»»
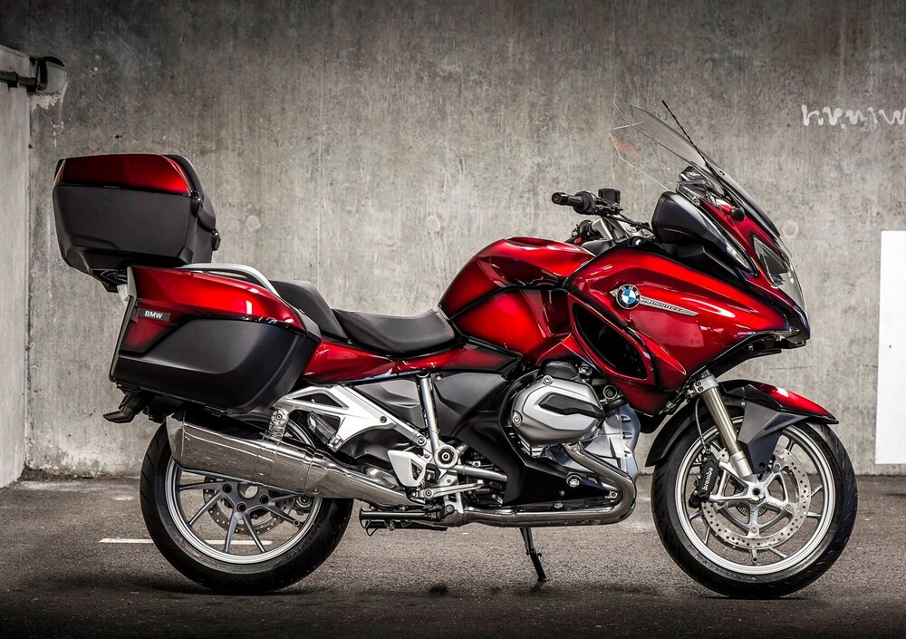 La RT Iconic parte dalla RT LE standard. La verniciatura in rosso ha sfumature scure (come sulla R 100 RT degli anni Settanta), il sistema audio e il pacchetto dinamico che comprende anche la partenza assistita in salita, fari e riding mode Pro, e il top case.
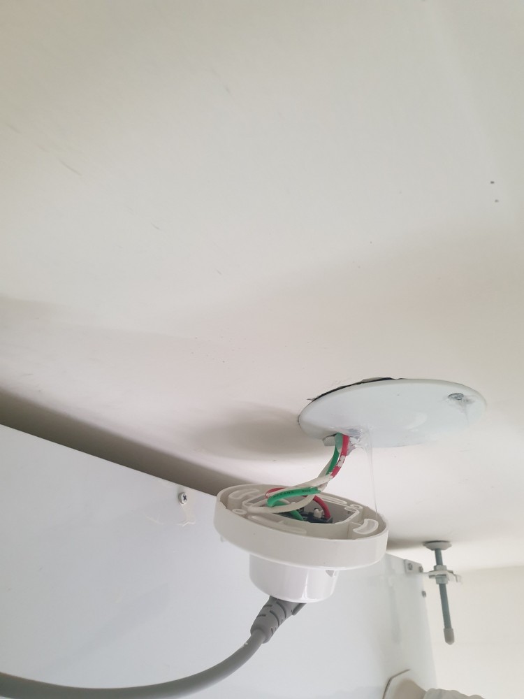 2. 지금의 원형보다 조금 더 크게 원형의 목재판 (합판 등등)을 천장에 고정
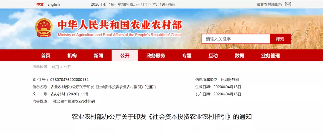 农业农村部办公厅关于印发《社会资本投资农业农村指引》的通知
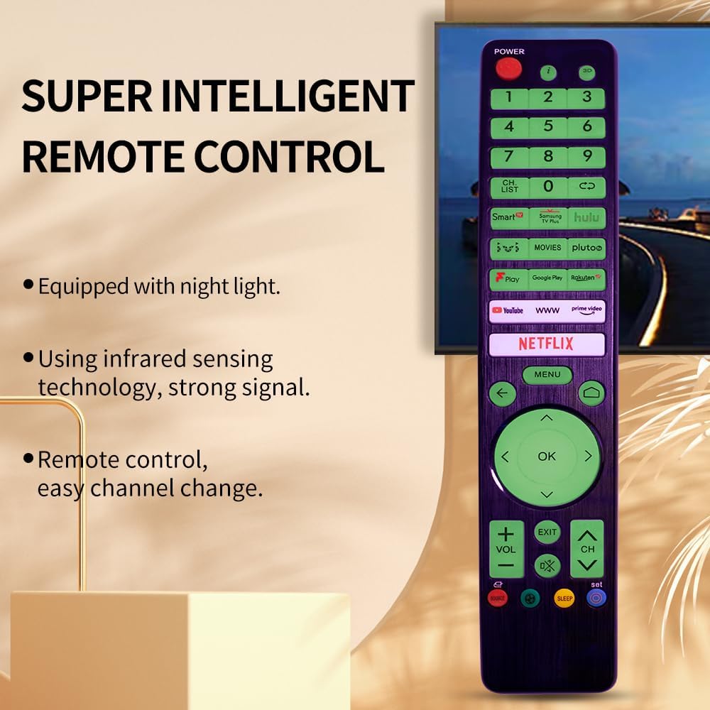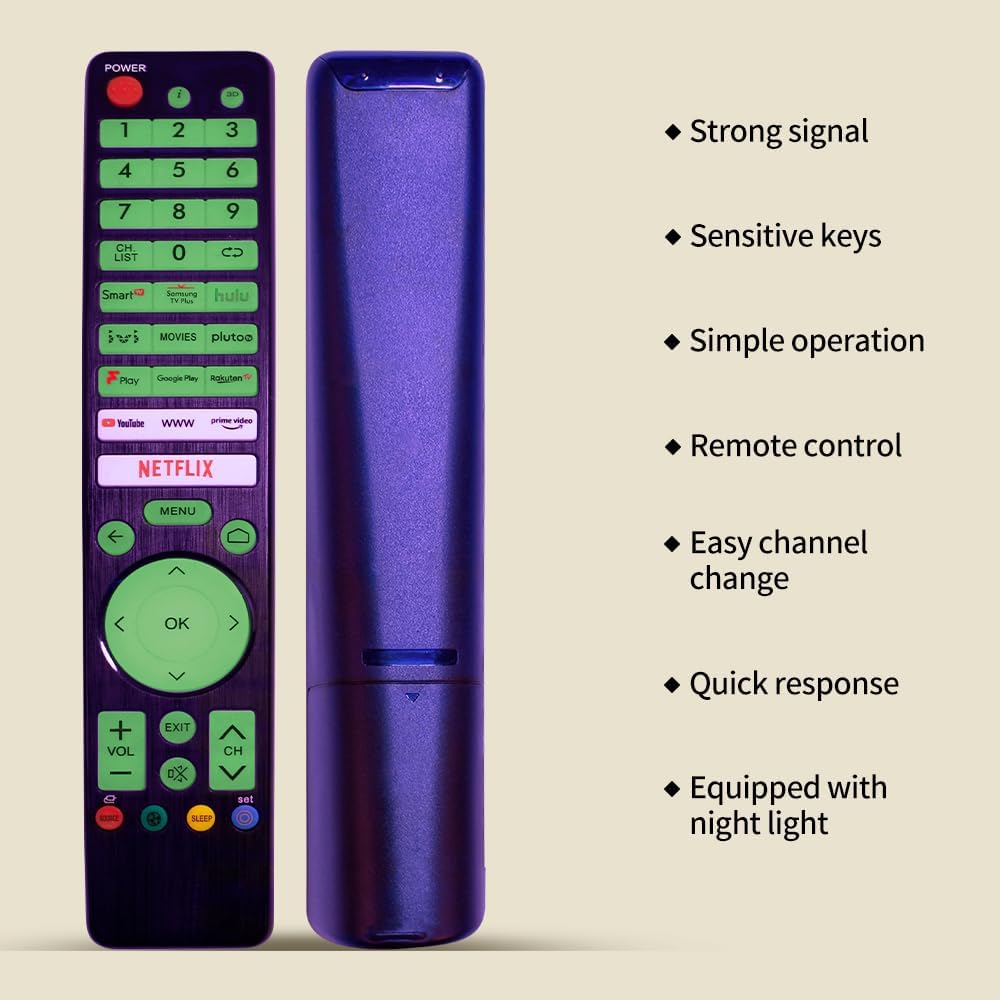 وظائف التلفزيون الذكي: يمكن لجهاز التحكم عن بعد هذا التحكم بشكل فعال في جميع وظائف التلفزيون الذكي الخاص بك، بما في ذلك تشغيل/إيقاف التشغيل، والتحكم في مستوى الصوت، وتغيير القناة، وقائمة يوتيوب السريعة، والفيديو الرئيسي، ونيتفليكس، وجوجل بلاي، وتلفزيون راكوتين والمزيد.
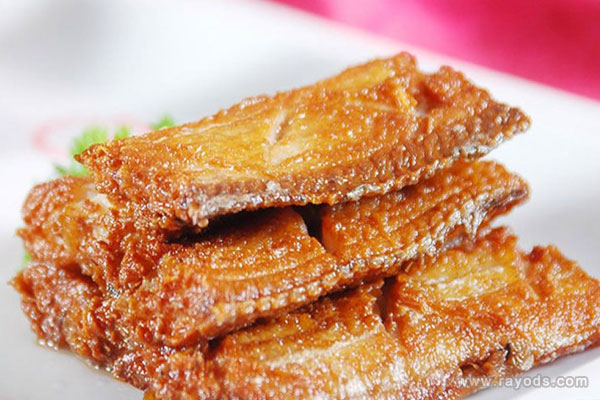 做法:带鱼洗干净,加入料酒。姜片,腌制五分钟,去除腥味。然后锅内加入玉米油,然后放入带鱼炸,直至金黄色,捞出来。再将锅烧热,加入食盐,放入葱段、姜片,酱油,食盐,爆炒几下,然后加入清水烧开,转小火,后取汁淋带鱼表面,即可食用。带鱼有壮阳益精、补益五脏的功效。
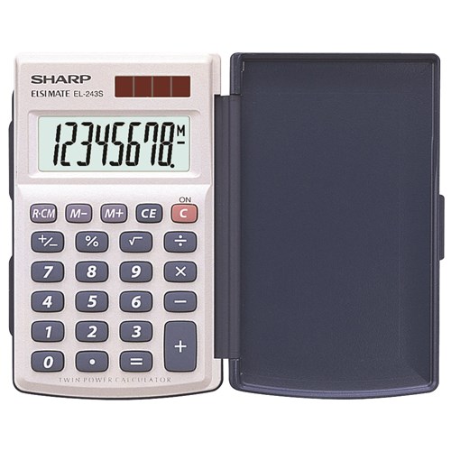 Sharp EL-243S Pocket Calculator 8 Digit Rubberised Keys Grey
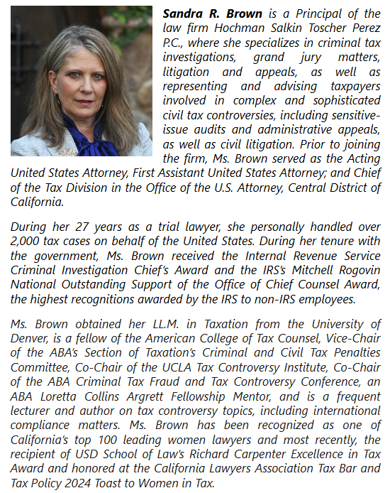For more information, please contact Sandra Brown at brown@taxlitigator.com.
««
»»
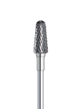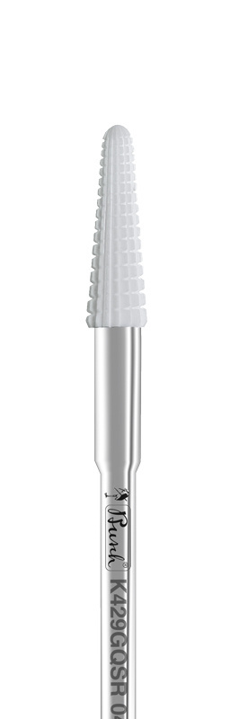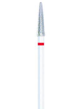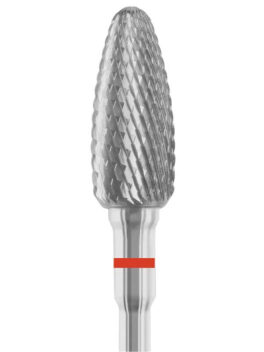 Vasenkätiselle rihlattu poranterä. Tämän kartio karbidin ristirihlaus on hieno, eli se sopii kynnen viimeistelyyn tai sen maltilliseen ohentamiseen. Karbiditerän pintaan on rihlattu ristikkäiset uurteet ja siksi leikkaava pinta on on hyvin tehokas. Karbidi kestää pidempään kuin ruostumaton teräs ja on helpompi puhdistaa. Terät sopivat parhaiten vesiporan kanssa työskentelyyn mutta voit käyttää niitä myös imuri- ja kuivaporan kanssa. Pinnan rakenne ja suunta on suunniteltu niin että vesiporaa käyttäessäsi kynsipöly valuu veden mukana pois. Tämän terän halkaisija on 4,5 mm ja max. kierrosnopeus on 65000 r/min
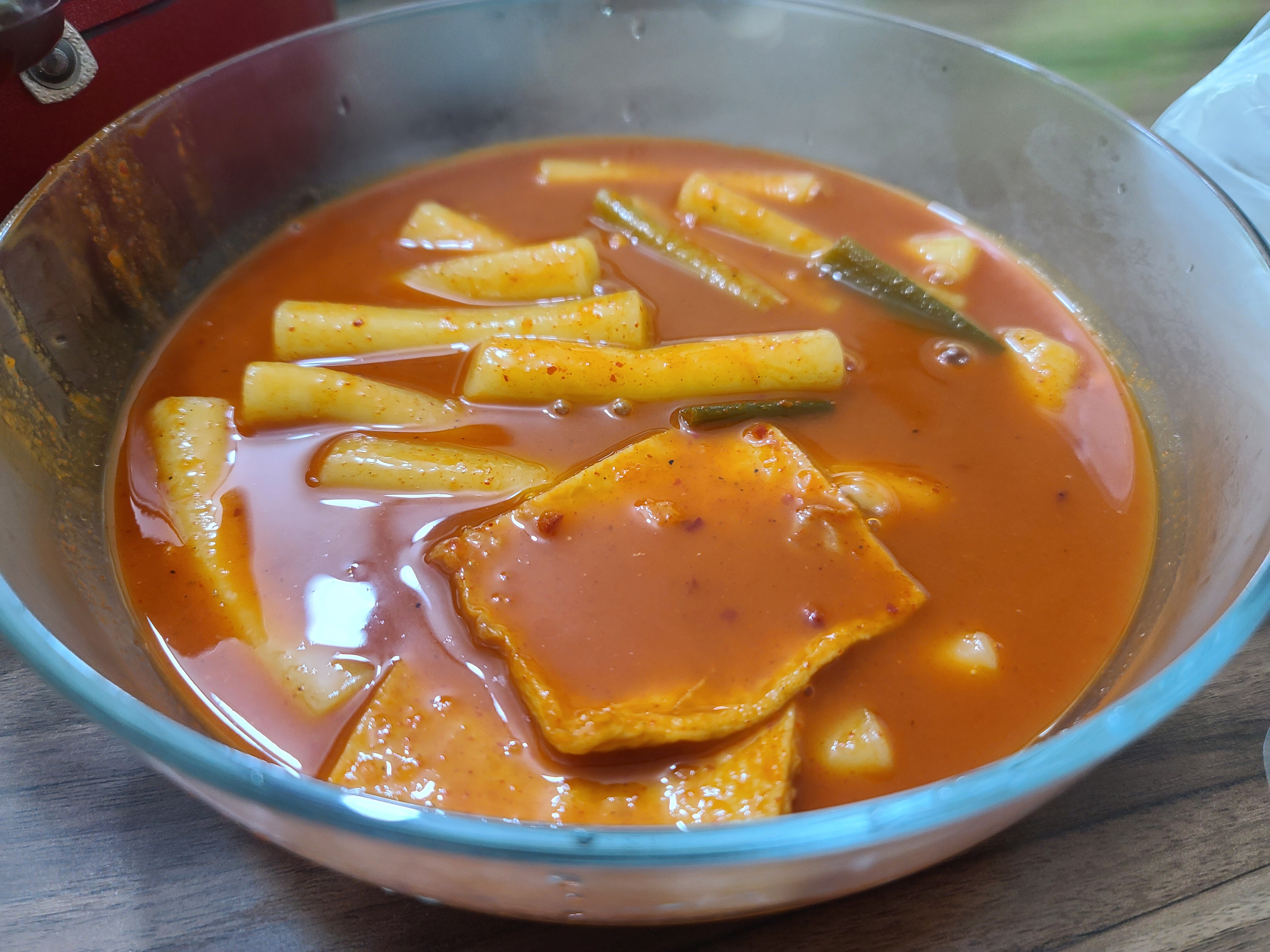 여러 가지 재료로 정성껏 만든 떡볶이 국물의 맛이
««
»»
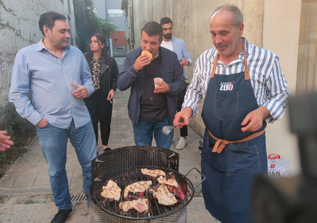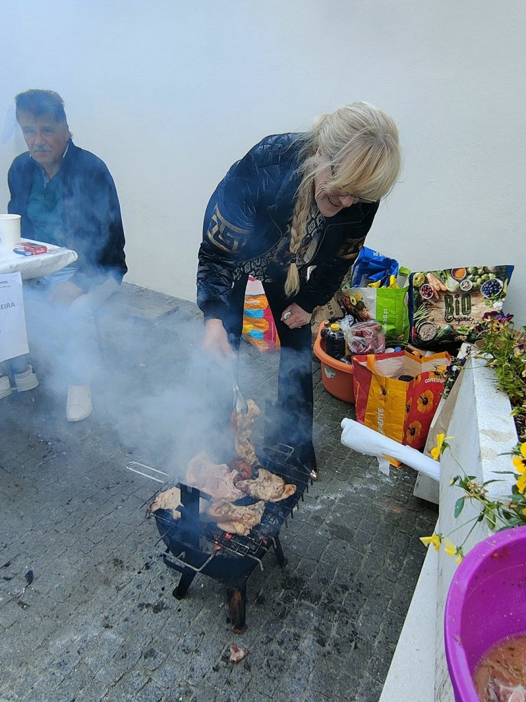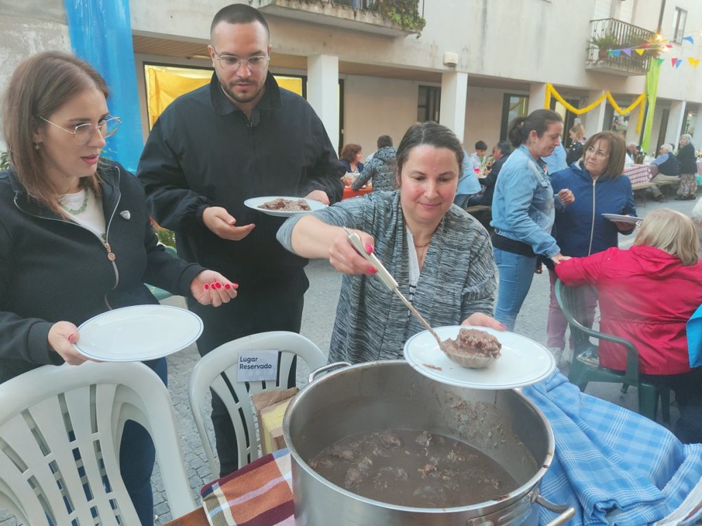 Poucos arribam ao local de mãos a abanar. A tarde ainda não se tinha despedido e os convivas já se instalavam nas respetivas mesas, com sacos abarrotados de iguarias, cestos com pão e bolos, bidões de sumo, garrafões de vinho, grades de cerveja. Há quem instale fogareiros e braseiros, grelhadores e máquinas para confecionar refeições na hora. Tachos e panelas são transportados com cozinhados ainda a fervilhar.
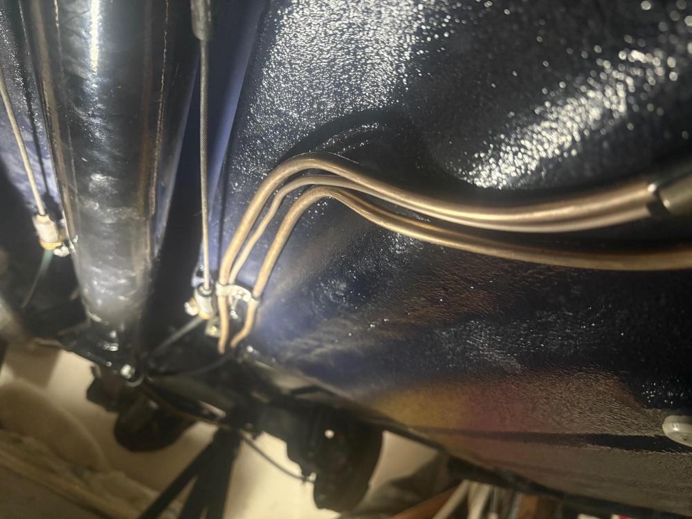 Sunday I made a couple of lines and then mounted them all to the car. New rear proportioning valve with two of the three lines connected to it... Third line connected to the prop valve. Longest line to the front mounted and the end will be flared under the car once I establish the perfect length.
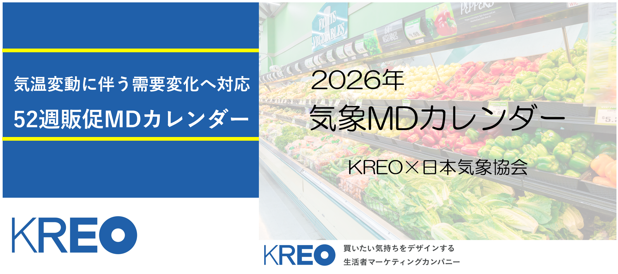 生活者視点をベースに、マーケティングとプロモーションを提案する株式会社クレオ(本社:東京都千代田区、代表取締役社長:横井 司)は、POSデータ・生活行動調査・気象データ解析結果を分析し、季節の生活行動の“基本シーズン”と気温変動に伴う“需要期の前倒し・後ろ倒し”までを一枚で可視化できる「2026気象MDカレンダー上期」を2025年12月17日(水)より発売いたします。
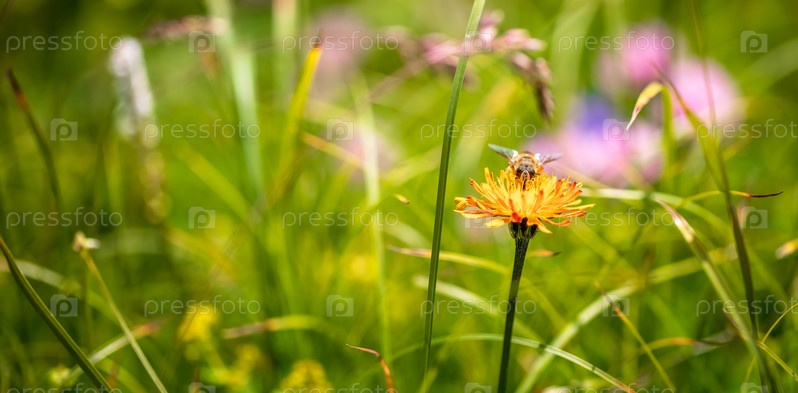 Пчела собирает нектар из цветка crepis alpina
««
# TASK DIRECTIONS
Starting at the line above with "农业农村部办公厅关于印发《社会资本投资农业农村指引》的通知", output every line exactly up to and including the line with "For more information, please", but none of the pictures.

# FINISHED EXERCISE
 农业农村部办公厅关于印发《社会资本投资农业农村指引》的通知
 وظائف التلفزيون الذكي: يمكن لجهاز التحكم عن بعد هذا التحكم بشكل فعال في جميع وظائف التلفزيون الذكي الخاص بك، بما في ذلك تشغيل/إيقاف التشغيل، والتحكم في مستوى الصوت، وتغيير القناة، وقائمة يوتيوب السريعة، والفيديو الرئيسي، ونيتفليكس، وجوجل بلاي، وتلفزيون راكوتين والمزيد.
 做法:带鱼洗干净,加入料酒。姜片,腌制五分钟,去除腥味。然后锅内加入玉米油,然后放入带鱼炸,直至金黄色,捞出来。再将锅烧热,加入食盐,放入葱段、姜片,酱油,食盐,爆炒几下,然后加入清水烧开,转小火,后取汁淋带鱼表面,即可食用。带鱼有壮阳益精、补益五脏的功效。
 Sharp EL-243S Pocket Calculator 8 Digit Rubberised Keys Grey
For more information, please contact Sandra Brown at brown@taxlitigator.com.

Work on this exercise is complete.